**WHAT THE TASK ASKS**.
Copy exactly the lines of the data below, beginning with the line with "<p>Snow Covered Banff" and ending with the line with "最佳实践: 建议根据组织架构". Pictures are to be omitted.

════

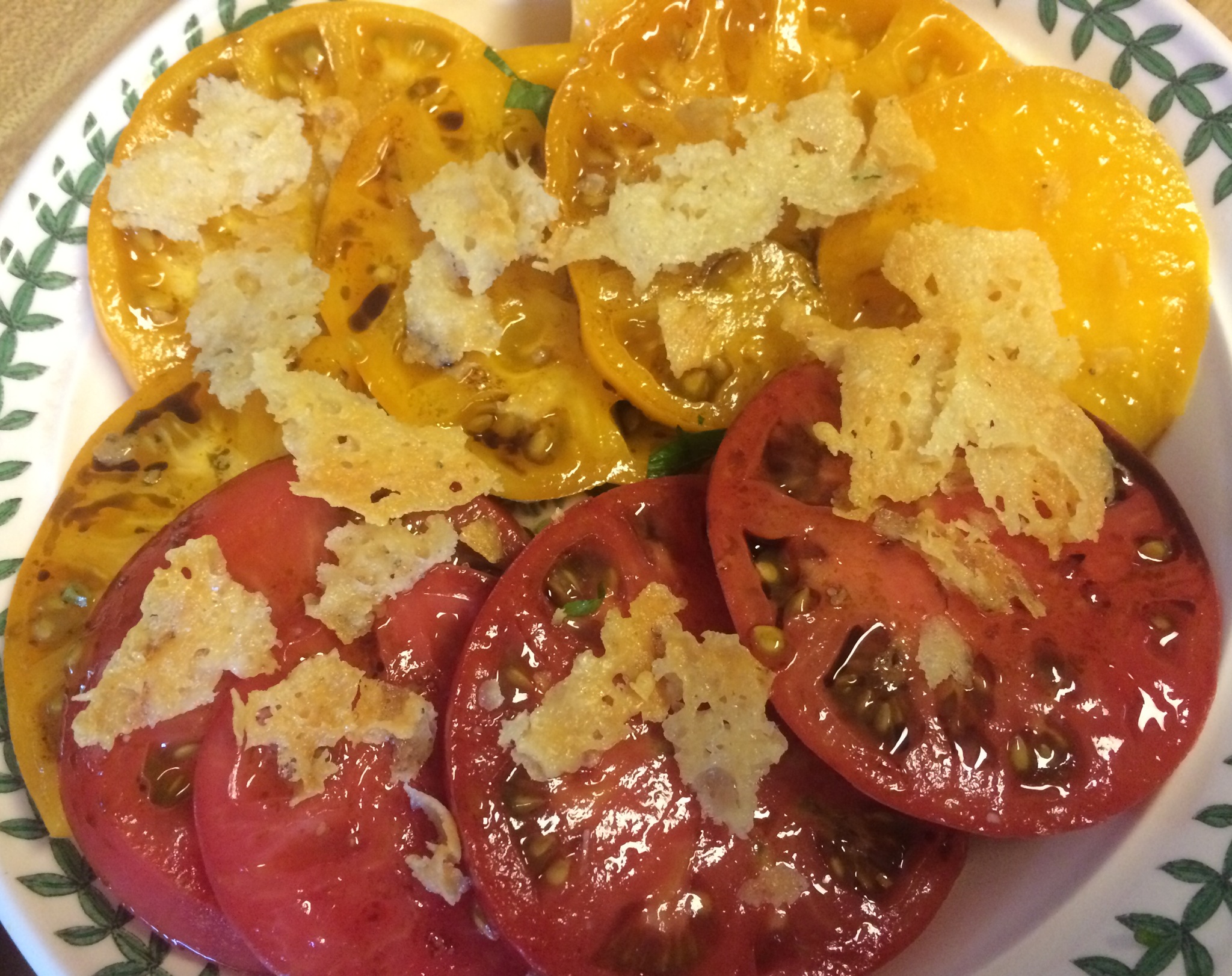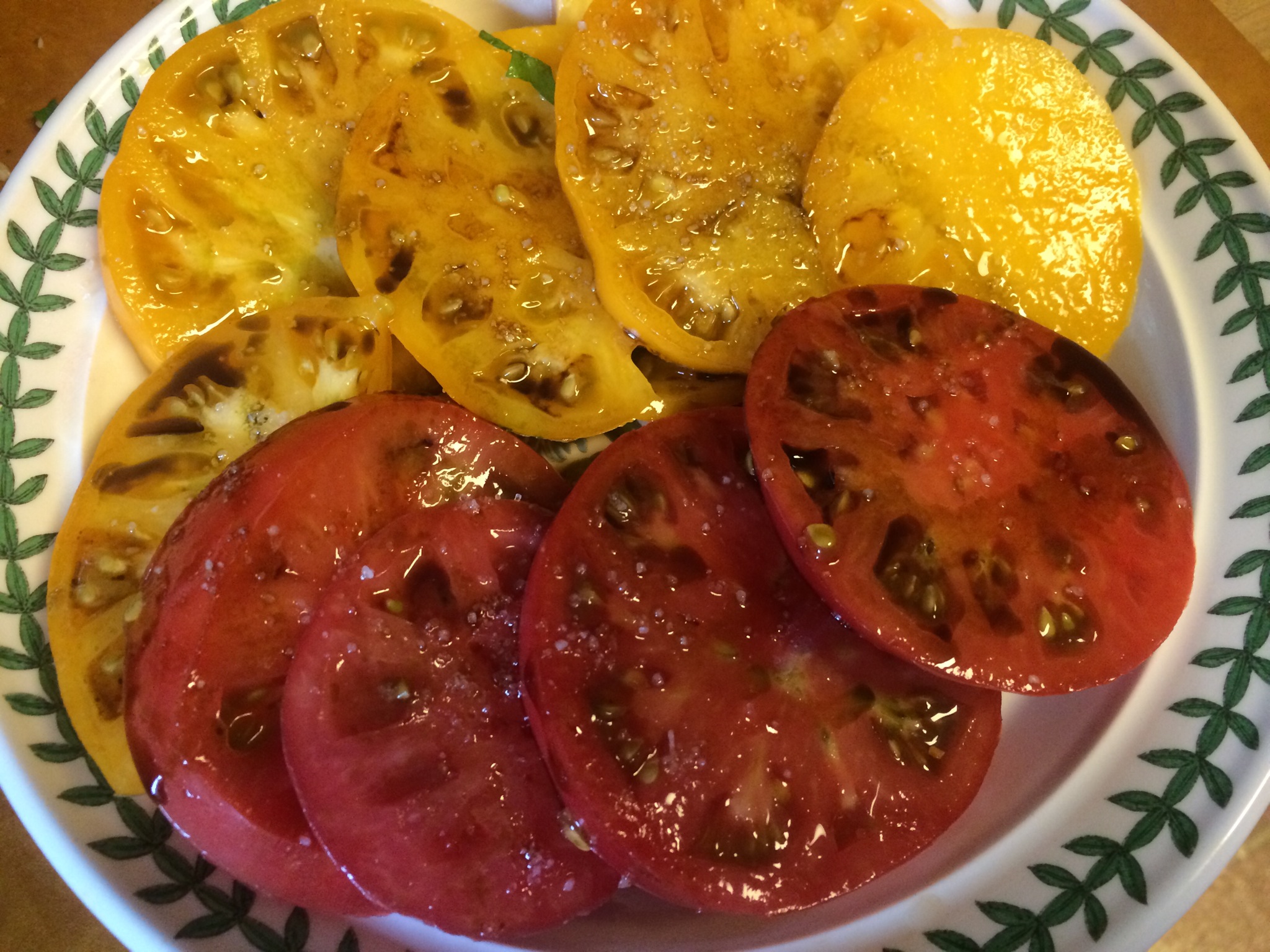 2 large heirloom tomatoes, sliced 1/2-inch thick (from the garden)
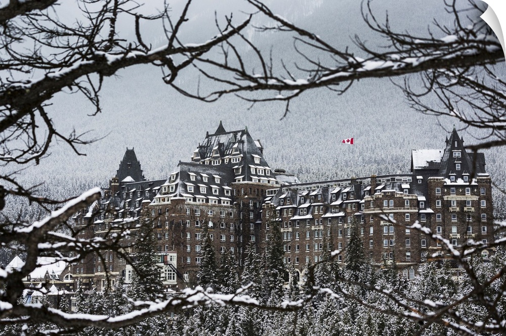 <p>Snow Covered Banff Springs Hotel, Banff, Alberta, Canada</p>
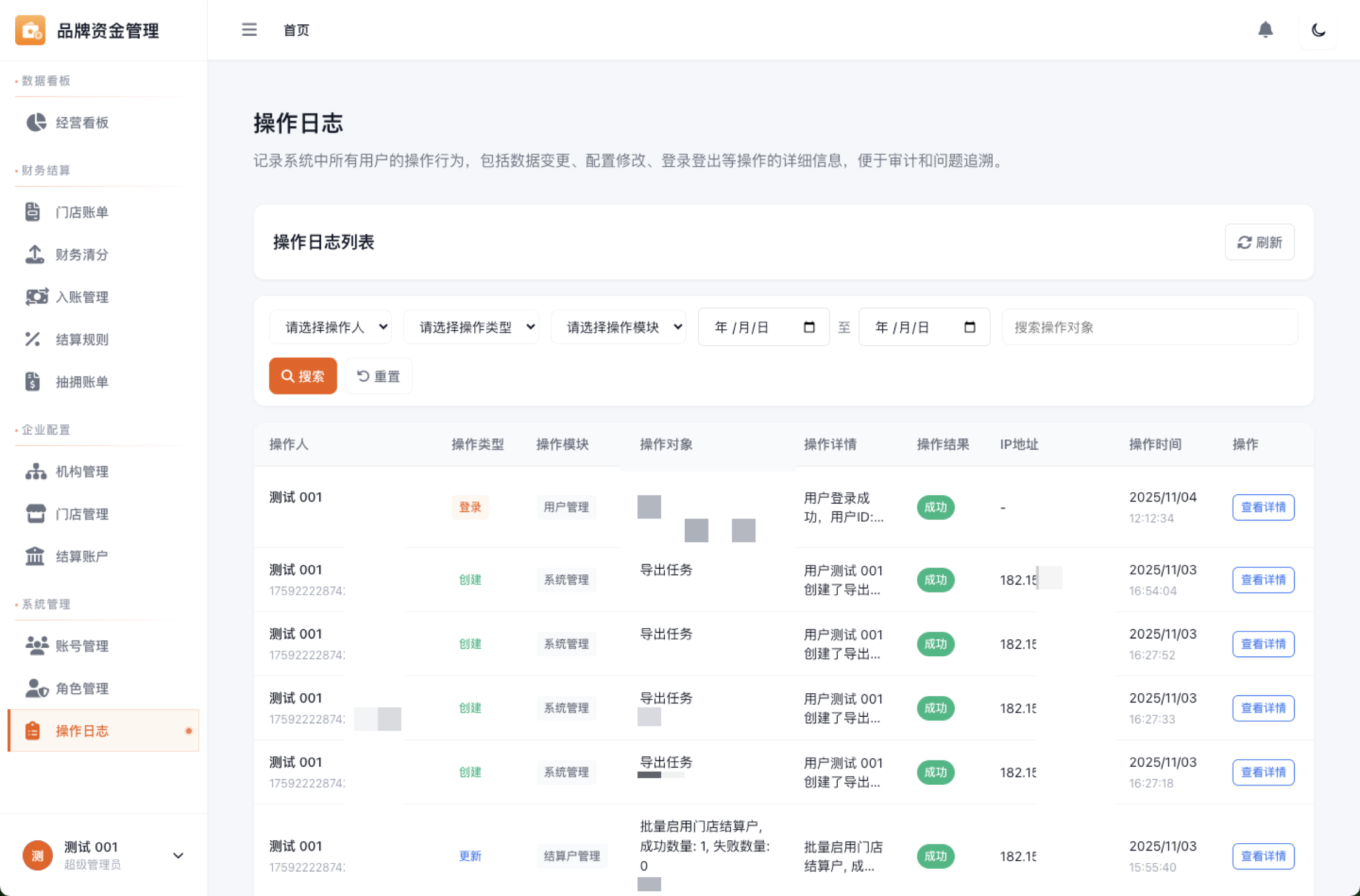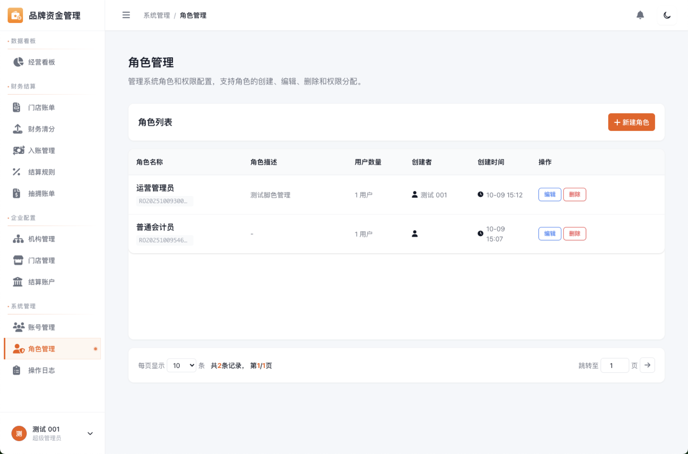 最佳实践: 建议根据组织架构预设角色(如:总部管理员、门店运营),避免为每个用户单独配置权限。
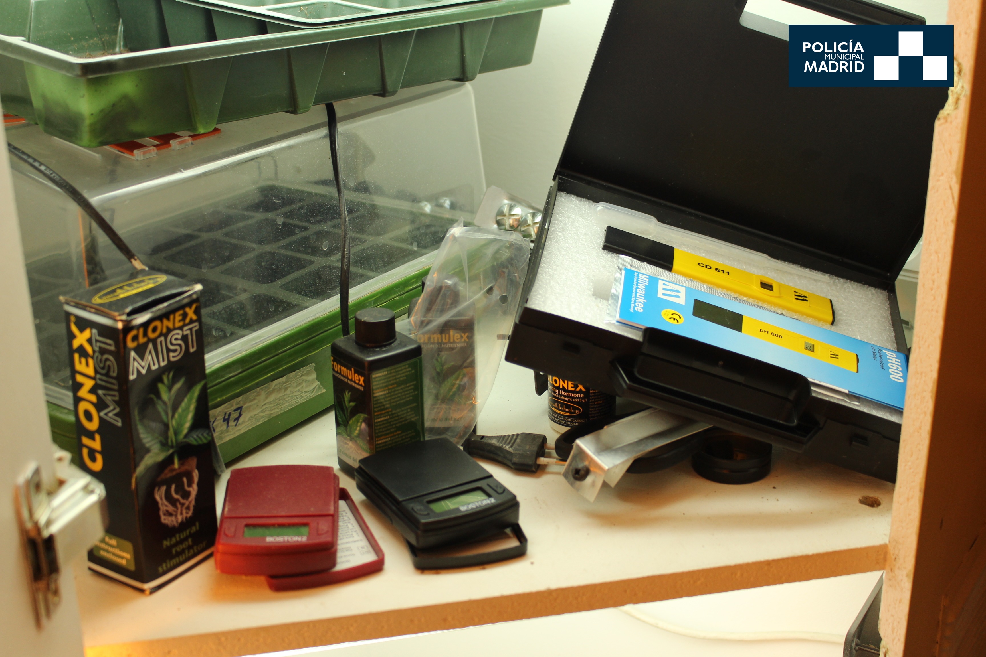 La primera habitación disponía de un armario utilizado como invernadero, en el que había numerosas plantas de marihuana, elementos para controlar la temperatura y la humedad, así como focos y aislamiento térmico.
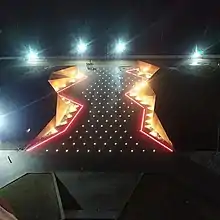 The monument features a bronze 25-metre statue of a soldier in the Red Army standing on a 10-metre mound. On the road leading to the mound, there are images of soldiers on broken walls situated on both sides, as well as the names of those who were killed in action during the battle.[5] Around 34 million rubles were allocated to the monument from the regional government,[6] alongside the 650 million rubles allocated by the Union States, the budget of the Russian government, and private donations.[7] The construction of the monument was also financed and supported by organizations such as Lukoil.[8] The image of a soldier dissolving in a flock of birds originates from the poem Zhuravli by Rasul Gamzatov, which became iconic thanks to its adaptation to music by Yan Frenkel.
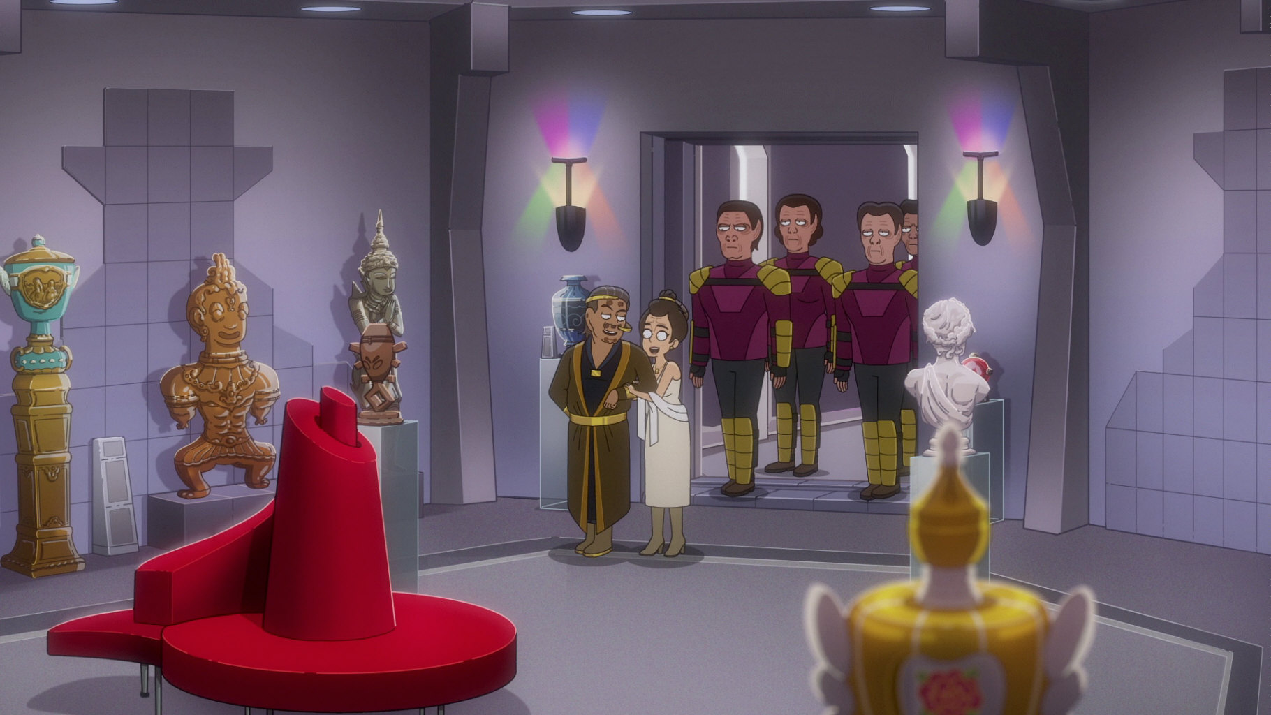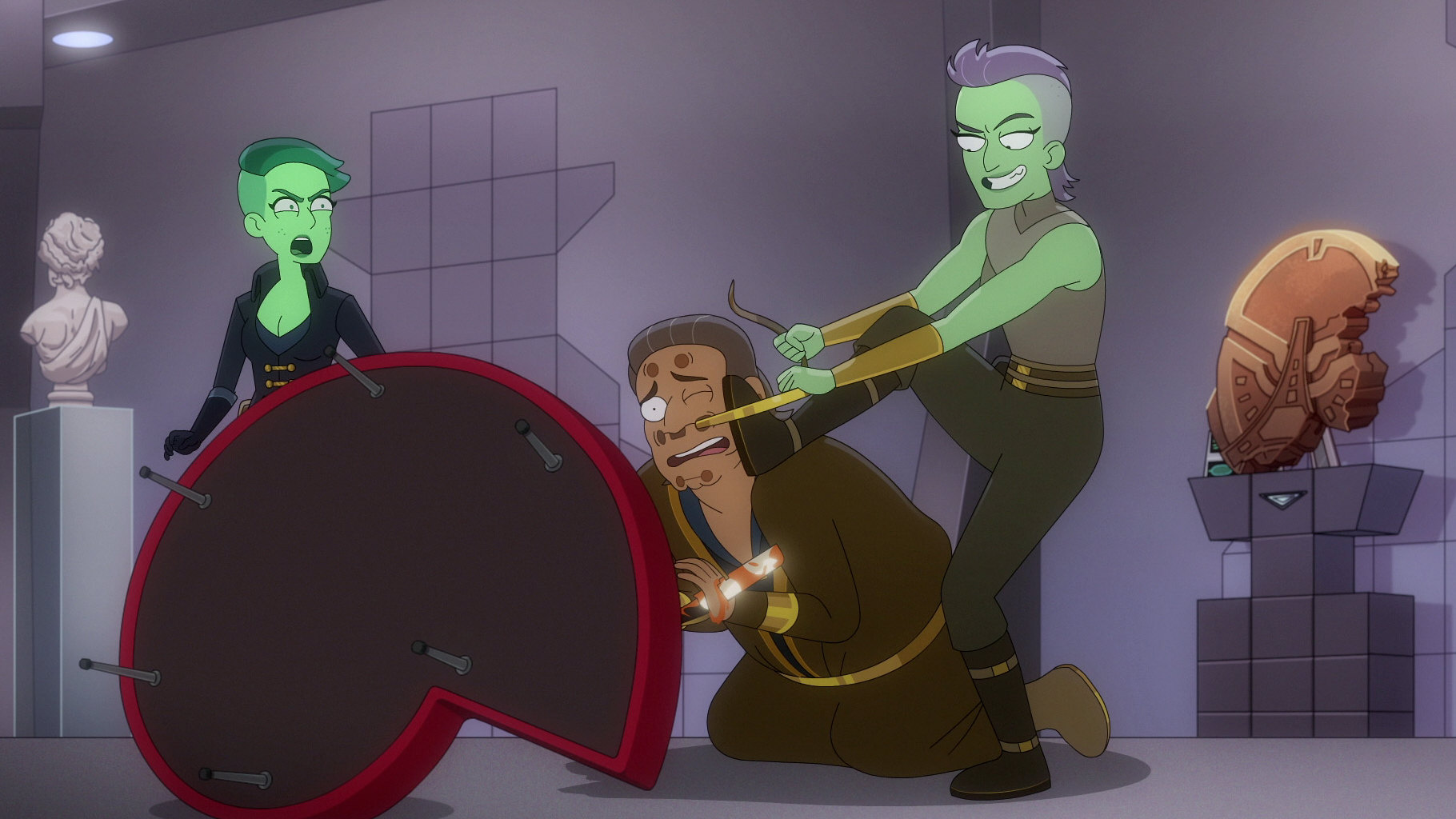 | We do not know the species of Palor Toff. But another member of his species appears in LOW: "Reflections", also as a collector and with similar clothes, including the odd headband. One more can be see in LOW: "Dos Cerritos", and one of Tendi's pirates pulls out the band from his nose, which is expectedly painful. | ![]() LOW: "Reflections" |
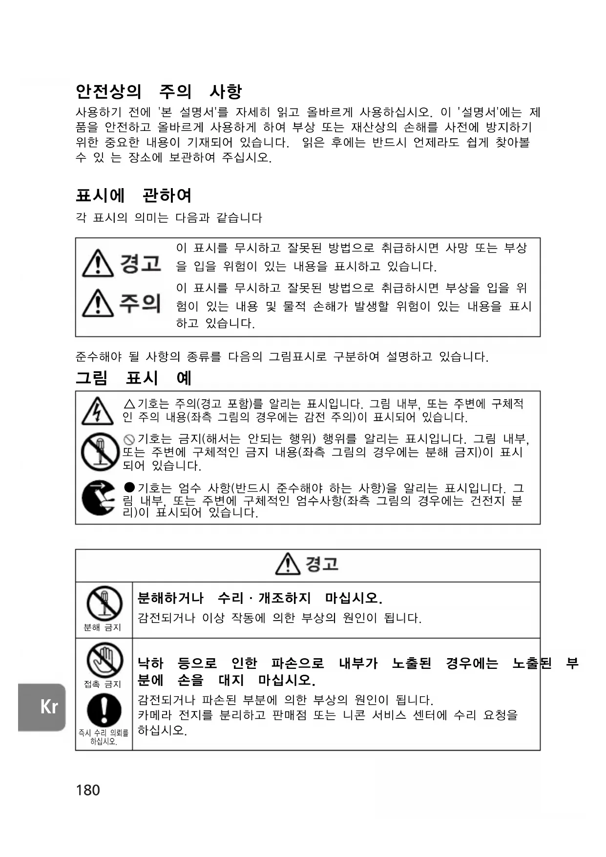 ●기호는 엄수 사항(반드시 준수해야 하는 사항)을 알리는 표시입니다. 그 림 내부, 또는 주변에 구체적인 엄수사항(좌측 그림의 경우에는 건전지 분 리)이 표시되어 있습니다. 접촉 금지즉시 수리 의뢰를하십시오.분해 금지 분해하거나 수리·개조하지 마십시오. 감전되거나 이상 작동에 의한 부상의 원인이 됩니다. 낙하 등으로 인한 파손으로 내부가 노출된 경우에는 노출된 부 분에 손을 대지 마십시오. 감전되거나 파손된 부분에 의한 부상의 원인이 됩니다. 카메라 전지를 분리하고 판매점 또는 니콘 서비스 센터에 수리 요청을 하십시오.181
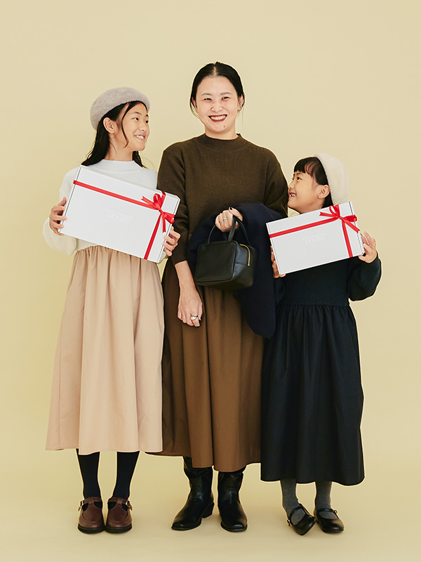 姉妹とママ、みんなおそろいのワンピースで、冬の特別な時間を楽しむスタイル。

════

**RESULT FOR THIS EXERCISE**.
 <p>Snow Covered Banff Springs Hotel, Banff, Alberta, Canada</p>
 最佳实践: 建议根据组织架构预设角色(如:总部管理员、门店运营),避免为每个用户单独配置权限。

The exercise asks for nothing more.